▸ **Task instructions**: Keep every word of the listing and reproduce it exactly, but set aside any image found there.
::: Given data
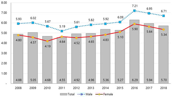 The gap in life expectancy by gender decreased from 6.55 years in 2008 to 6.03 years in 2017 []. The gap in life expectancy by income level also decreased from 6.90 years in 2008 to 6.48 years in 2017. According to the results, the gap in gender has been on the decline, from 4.53 in 2008 to 4.12 in 2018, and the gap based on income levels decreased from 7.94 in 2008 to 6.72 in 2012, thereafter increasing to 8.04 years in 2018. The lowest income level group, especially, has lower HALE compared to other quintiles. Several studies show that smoking, alcohol usage, and other health behaviors of the low-income bracket are worse than in other brackets [,,]. We need intensive management for the low-income group to promote HALE at the national level. Research is needed on how to set goals to manage health hazards by calculating population attributable fractions (PAF), a fraction that major health hazards such as smoking, drinking, and obesity contributed to YLD, and improving HALE by preventing certain diseases.
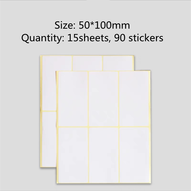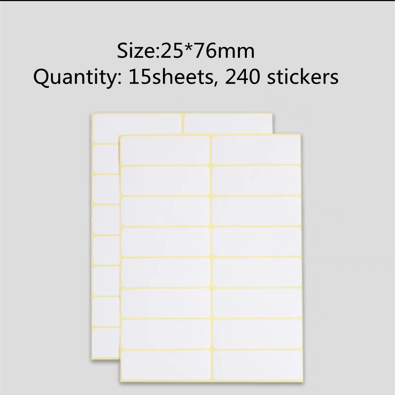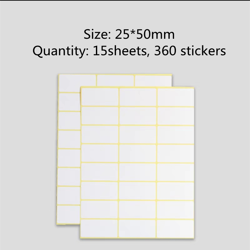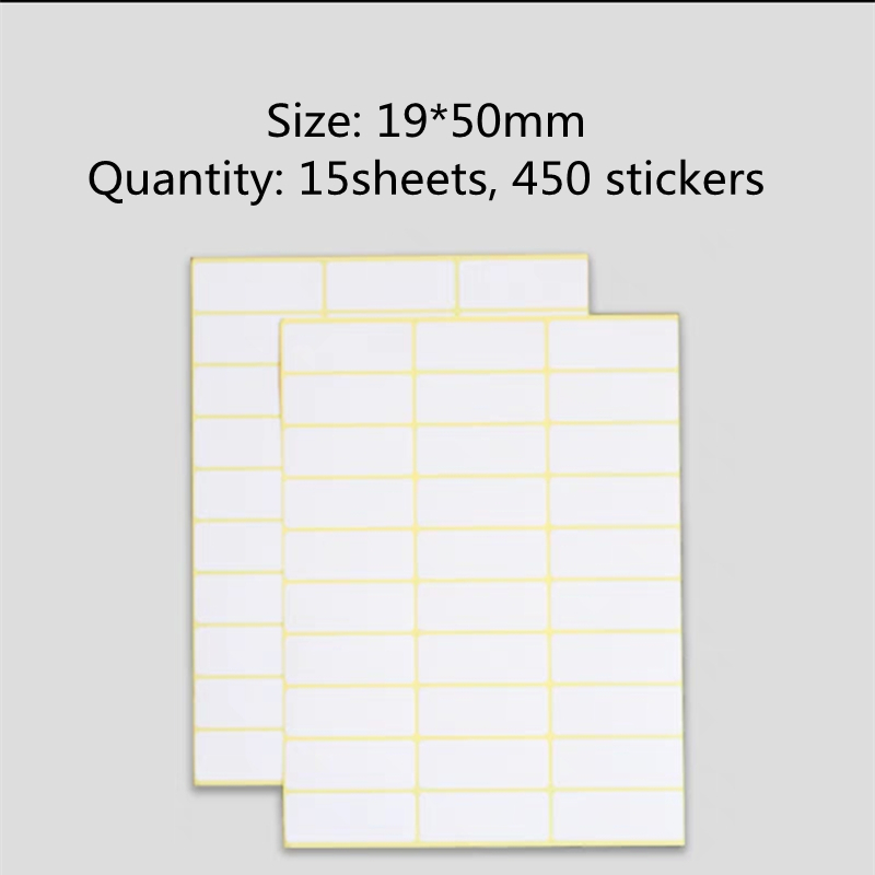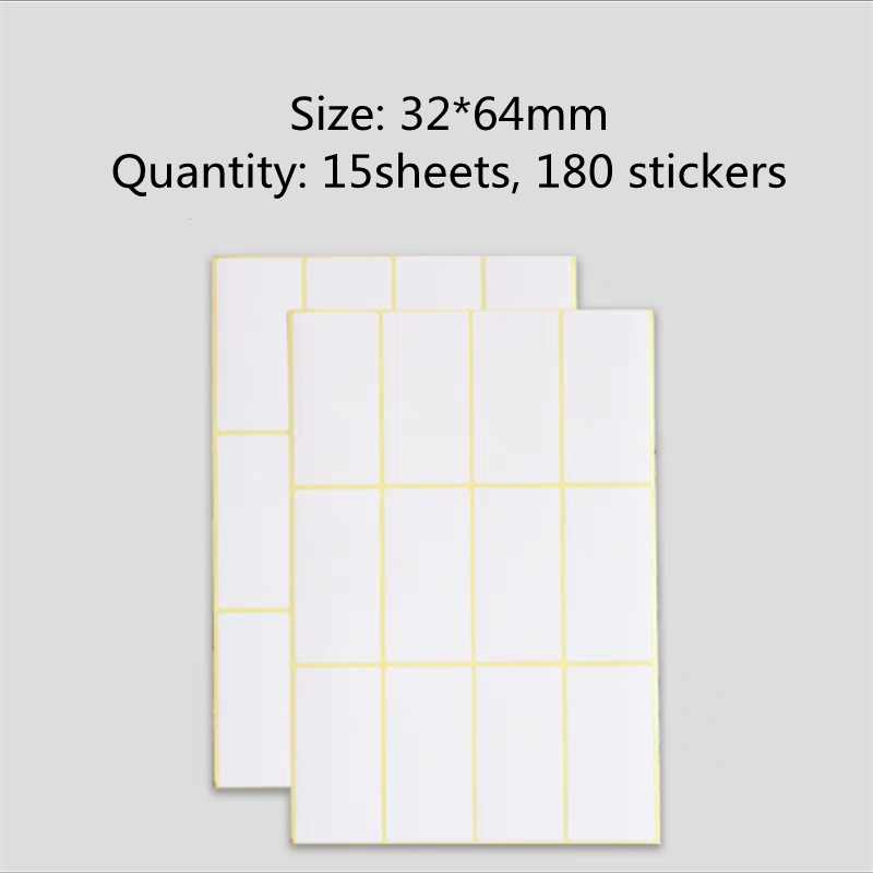 15Sheets Paper Self Adhesive Sticky White Label Name Stickers Blank Note Label Bar DIY Stationery Sticker Various Sizes Optional
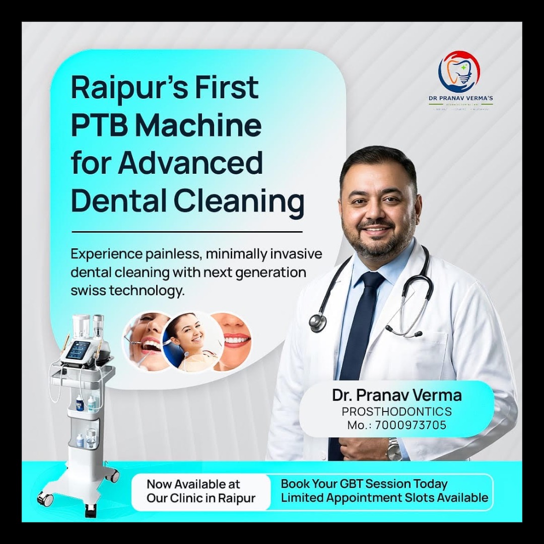 We are proud to announce that our clinic is the FIRST in Raipur to install the advanced PTB (Guided Biofilm Therapy) machine — setting a new benchmark in modern, painless, and highly effective dental care. 🦷 What is GBT (Guided Biofilm Therapy)? Guided Biofilm Therapy is a revolutionary, Swiss-based technology that focuses on removal of harmful biofilm (bacteria) from teeth, gums, and implants in a minimally invasive and comfortable way. Unlike traditional cleaning methods, GBT is: ✔ Scientifically guided ✔ Pain-free and gentle ✔ Highly precise and efficient 🌟 Why PTB / GBT is a Game-Changer? 🔹 100% Pain-Free Experience Say goodbye to the discomfort of traditional scaling. GBT uses warm water and fine powder for a soothing experience. 🔹 Early Detection with Disclosing Special dyes highlight hidden plaque and bacteria, ensuring targeted and complete cleaning. 🔹 Safe for Teeth, Gums & Implants No damage to enamel or restorations—ideal for implants, braces, crowns, and veneers. 🔹 Superior Gum Health Effectively treats and prevents bleeding gums, gingivitis, and periodontitis. 🔹 Perfect for Sensitive Patients Best suited for patients who fear dental procedures or have sensitivity issues. 🔹 Stain Removal & Instant Freshness Removes stains caused by tea, coffee, and smoking—giving you a brighter, cleaner smile instantly. 💡 Why Choose Us? Being the first clinic in Raipur to bring this cutting-edge PTB technology, we are committed to: ✔ Providing world-class dental care ✔ Using the latest innovations ✔ Ensuring maximum patient comfort 😊 Experience the Future of Dental Cleaning Today Upgrade from traditional scaling to GBT – the most advanced, safe, and comfortable cleaning therapy available today. 📍 Visit us and feel the difference yourself!
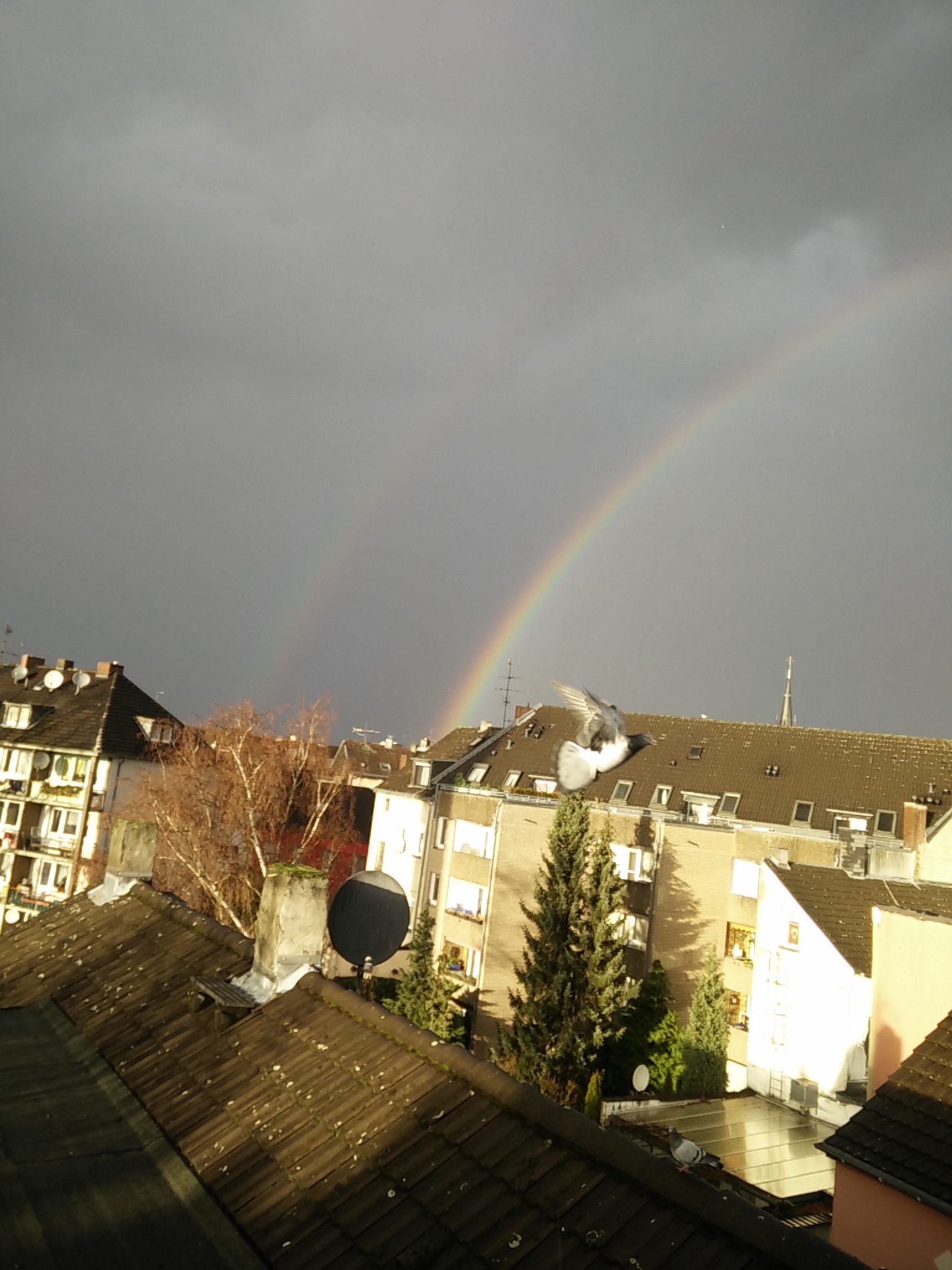 Ein doppelter Regenbogen und einige frei fliegende Tauben!
::::::
▸ **Solution below**:
 The gap in life expectancy by gender decreased from 6.55 years in 2008 to 6.03 years in 2017 []. The gap in life expectancy by income level also decreased from 6.90 years in 2008 to 6.48 years in 2017. According to the results, the gap in gender has been on the decline, from 4.53 in 2008 to 4.12 in 2018, and the gap based on income levels decreased from 7.94 in 2008 to 6.72 in 2012, thereafter increasing to 8.04 years in 2018. The lowest income level group, especially, has lower HALE compared to other quintiles. Several studies show that smoking, alcohol usage, and other health behaviors of the low-income bracket are worse than in other brackets [,,]. We need intensive management for the low-income group to promote HALE at the national level. Research is needed on how to set goals to manage health hazards by calculating population attributable fractions (PAF), a fraction that major health hazards such as smoking, drinking, and obesity contributed to YLD, and improving HALE by preventing certain diseases.
 15Sheets Paper Self Adhesive Sticky White Label Name Stickers Blank Note Label Bar DIY Stationery Sticker Various Sizes Optional
 We are proud to announce that our clinic is the FIRST in Raipur to install the advanced PTB (Guided Biofilm Therapy) machine — setting a new benchmark in modern, painless, and highly effective dental care. 🦷 What is GBT (Guided Biofilm Therapy)? Guided Biofilm Therapy is a revolutionary, Swiss-based technology that focuses on removal of harmful biofilm (bacteria) from teeth, gums, and implants in a minimally invasive and comfortable way. Unlike traditional cleaning methods, GBT is: ✔ Scientifically guided ✔ Pain-free and gentle ✔ Highly precise and efficient 🌟 Why PTB / GBT is a Game-Changer? 🔹 100% Pain-Free Experience Say goodbye to the discomfort of traditional scaling. GBT uses warm water and fine powder for a soothing experience. 🔹 Early Detection with Disclosing Special dyes highlight hidden plaque and bacteria, ensuring targeted and complete cleaning. 🔹 Safe for Teeth, Gums & Implants No damage to enamel or restorations—ideal for implants, braces, crowns, and veneers. 🔹 Superior Gum Health Effectively treats and prevents bleeding gums, gingivitis, and periodontitis. 🔹 Perfect for Sensitive Patients Best suited for patients who fear dental procedures or have sensitivity issues. 🔹 Stain Removal & Instant Freshness Removes stains caused by tea, coffee, and smoking—giving you a brighter, cleaner smile instantly. 💡 Why Choose Us? Being the first clinic in Raipur to bring this cutting-edge PTB technology, we are committed to: ✔ Providing world-class dental care ✔ Using the latest innovations ✔ Ensuring maximum patient comfort 😊 Experience the Future of Dental Cleaning Today Upgrade from traditional scaling to GBT – the most advanced, safe, and comfortable cleaning therapy available today. 📍 Visit us and feel the difference yourself!
 Ein doppelter Regenbogen und einige frei fliegende Tauben!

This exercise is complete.